> What to do: Using the records that appear below, write out exactly the lines from the one with "为认真学习贯彻党的十八届四中" through the one with "Ganz einfach: weil", keeping both end lines.

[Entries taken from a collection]

- - -

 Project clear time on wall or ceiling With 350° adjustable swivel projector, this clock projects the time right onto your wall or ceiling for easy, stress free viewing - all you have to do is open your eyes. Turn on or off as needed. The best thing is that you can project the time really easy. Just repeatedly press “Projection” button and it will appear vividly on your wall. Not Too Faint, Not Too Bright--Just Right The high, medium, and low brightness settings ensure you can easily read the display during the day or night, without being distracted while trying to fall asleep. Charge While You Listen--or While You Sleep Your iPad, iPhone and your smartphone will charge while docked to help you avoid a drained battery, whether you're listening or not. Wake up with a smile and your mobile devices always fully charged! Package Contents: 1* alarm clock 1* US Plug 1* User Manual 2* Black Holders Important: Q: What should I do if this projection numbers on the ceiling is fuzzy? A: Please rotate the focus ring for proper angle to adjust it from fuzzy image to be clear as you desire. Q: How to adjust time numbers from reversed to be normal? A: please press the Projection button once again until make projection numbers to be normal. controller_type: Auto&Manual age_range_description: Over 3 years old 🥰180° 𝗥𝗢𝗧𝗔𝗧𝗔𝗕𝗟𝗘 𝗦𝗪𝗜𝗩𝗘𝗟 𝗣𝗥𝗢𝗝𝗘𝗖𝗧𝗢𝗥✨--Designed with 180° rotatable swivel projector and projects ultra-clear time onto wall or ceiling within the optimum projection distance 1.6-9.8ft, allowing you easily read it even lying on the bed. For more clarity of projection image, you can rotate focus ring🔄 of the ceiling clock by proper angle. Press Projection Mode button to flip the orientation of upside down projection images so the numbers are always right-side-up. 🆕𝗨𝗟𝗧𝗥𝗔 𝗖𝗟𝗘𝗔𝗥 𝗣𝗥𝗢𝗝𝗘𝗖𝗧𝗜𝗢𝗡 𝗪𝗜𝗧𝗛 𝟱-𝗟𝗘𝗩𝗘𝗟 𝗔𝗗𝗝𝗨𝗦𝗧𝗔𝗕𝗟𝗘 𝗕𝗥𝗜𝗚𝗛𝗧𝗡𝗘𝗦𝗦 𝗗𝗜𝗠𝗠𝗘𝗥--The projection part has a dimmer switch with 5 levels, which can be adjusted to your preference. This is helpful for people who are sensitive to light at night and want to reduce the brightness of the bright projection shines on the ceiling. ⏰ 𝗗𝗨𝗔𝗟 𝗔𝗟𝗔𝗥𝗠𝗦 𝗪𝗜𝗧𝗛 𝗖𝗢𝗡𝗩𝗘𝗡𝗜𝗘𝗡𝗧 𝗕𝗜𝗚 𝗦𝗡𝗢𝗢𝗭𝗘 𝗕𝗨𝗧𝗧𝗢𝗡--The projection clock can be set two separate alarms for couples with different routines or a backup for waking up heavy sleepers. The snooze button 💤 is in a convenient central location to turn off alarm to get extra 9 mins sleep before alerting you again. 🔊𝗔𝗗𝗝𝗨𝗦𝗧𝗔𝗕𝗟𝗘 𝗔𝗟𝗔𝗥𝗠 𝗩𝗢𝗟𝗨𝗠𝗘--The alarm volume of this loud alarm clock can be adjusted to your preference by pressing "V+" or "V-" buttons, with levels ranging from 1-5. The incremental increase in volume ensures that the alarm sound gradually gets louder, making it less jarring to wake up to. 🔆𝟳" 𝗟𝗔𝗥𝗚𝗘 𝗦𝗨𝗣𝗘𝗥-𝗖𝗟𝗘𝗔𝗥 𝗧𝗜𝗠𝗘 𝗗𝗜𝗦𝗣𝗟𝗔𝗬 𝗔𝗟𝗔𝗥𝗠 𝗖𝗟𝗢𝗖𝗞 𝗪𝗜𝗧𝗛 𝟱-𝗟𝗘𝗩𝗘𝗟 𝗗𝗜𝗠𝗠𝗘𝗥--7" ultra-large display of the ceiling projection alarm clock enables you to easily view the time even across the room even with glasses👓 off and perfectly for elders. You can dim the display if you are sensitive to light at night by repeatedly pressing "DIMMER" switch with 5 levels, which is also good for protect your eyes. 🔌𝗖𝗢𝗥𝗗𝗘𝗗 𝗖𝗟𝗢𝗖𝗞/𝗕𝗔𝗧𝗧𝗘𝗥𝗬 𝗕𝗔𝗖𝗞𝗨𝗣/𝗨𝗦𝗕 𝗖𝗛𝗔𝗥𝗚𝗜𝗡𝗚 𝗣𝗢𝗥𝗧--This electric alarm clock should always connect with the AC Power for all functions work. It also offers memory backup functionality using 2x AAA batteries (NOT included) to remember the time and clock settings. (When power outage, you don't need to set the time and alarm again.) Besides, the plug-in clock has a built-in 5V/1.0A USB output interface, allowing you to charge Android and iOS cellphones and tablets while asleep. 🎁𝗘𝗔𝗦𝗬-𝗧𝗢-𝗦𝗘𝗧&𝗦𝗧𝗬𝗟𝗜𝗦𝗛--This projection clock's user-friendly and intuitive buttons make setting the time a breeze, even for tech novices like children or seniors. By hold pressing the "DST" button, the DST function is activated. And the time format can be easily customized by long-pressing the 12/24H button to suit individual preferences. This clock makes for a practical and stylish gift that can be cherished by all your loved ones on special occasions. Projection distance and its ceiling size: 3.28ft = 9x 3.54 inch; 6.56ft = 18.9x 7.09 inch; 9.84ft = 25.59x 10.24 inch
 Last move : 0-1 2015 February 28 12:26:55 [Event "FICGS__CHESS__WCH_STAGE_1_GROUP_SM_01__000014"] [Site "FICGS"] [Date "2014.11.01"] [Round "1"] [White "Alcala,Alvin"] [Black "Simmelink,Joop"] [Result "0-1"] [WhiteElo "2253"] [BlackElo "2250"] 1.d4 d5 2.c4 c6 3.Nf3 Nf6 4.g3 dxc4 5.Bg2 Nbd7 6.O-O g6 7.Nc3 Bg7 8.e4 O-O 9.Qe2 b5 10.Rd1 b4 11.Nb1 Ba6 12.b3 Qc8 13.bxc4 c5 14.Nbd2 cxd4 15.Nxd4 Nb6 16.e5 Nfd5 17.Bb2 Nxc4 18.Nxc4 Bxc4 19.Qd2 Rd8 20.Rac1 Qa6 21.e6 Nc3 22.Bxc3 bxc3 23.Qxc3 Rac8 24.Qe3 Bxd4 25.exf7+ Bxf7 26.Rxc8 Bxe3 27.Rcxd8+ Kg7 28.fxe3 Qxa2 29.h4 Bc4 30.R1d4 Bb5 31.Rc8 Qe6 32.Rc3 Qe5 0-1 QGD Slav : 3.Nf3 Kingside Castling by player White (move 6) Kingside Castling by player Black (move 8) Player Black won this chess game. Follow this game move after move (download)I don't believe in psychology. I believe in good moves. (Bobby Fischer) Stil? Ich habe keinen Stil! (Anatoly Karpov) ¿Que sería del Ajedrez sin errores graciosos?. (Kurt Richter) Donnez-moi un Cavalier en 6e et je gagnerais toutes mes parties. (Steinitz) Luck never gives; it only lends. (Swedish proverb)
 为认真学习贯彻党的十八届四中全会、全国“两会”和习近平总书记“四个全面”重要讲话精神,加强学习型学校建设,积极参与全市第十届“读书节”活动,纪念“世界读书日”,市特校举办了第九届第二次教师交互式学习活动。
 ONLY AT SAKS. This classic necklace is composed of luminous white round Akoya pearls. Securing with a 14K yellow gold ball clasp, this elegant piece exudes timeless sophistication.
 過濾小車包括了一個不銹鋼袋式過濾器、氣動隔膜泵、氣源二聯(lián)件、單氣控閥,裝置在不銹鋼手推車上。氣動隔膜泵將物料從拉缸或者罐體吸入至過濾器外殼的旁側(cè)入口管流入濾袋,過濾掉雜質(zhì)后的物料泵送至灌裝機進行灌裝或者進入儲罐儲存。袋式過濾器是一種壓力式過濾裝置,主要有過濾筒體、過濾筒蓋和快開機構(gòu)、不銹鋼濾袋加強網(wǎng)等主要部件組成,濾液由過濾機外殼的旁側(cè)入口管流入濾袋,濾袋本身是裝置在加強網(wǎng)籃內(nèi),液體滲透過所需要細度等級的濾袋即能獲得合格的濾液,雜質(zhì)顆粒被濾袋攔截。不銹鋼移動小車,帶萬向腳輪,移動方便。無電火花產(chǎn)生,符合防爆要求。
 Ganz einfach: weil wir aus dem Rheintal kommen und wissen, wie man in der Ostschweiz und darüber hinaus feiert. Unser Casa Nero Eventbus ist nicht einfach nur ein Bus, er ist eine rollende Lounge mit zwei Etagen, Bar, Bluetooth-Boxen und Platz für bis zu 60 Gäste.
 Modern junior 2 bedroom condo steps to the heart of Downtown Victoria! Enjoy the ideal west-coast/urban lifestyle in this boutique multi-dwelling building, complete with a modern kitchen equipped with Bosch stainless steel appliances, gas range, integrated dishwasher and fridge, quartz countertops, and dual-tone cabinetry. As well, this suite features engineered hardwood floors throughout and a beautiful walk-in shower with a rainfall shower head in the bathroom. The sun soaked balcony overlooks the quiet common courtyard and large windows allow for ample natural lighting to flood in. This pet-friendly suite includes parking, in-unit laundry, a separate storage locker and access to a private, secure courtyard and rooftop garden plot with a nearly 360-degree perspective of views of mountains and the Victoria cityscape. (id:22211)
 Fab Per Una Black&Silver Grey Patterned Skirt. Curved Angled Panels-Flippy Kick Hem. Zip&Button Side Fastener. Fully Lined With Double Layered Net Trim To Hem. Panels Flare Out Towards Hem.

- - -

> Response area:
 为认真学习贯彻党的十八届四中全会、全国“两会”和习近平总书记“四个全面”重要讲话精神,加强学习型学校建设,积极参与全市第十届“读书节”活动,纪念“世界读书日”,市特校举办了第九届第二次教师交互式学习活动。
 ONLY AT SAKS. This classic necklace is composed of luminous white round Akoya pearls. Securing with a 14K yellow gold ball clasp, this elegant piece exudes timeless sophistication.
 過濾小車包括了一個不銹鋼袋式過濾器、氣動隔膜泵、氣源二聯(lián)件、單氣控閥,裝置在不銹鋼手推車上。氣動隔膜泵將物料從拉缸或者罐體吸入至過濾器外殼的旁側(cè)入口管流入濾袋,過濾掉雜質(zhì)后的物料泵送至灌裝機進行灌裝或者進入儲罐儲存。袋式過濾器是一種壓力式過濾裝置,主要有過濾筒體、過濾筒蓋和快開機構(gòu)、不銹鋼濾袋加強網(wǎng)等主要部件組成,濾液由過濾機外殼的旁側(cè)入口管流入濾袋,濾袋本身是裝置在加強網(wǎng)籃內(nèi),液體滲透過所需要細度等級的濾袋即能獲得合格的濾液,雜質(zhì)顆粒被濾袋攔截。不銹鋼移動小車,帶萬向腳輪,移動方便。無電火花產(chǎn)生,符合防爆要求。
 Ganz einfach: weil wir aus dem Rheintal kommen und wissen, wie man in der Ostschweiz und darüber hinaus feiert. Unser Casa Nero Eventbus ist nicht einfach nur ein Bus, er ist eine rollende Lounge mit zwei Etagen, Bar, Bluetooth-Boxen und Platz für bis zu 60 Gäste.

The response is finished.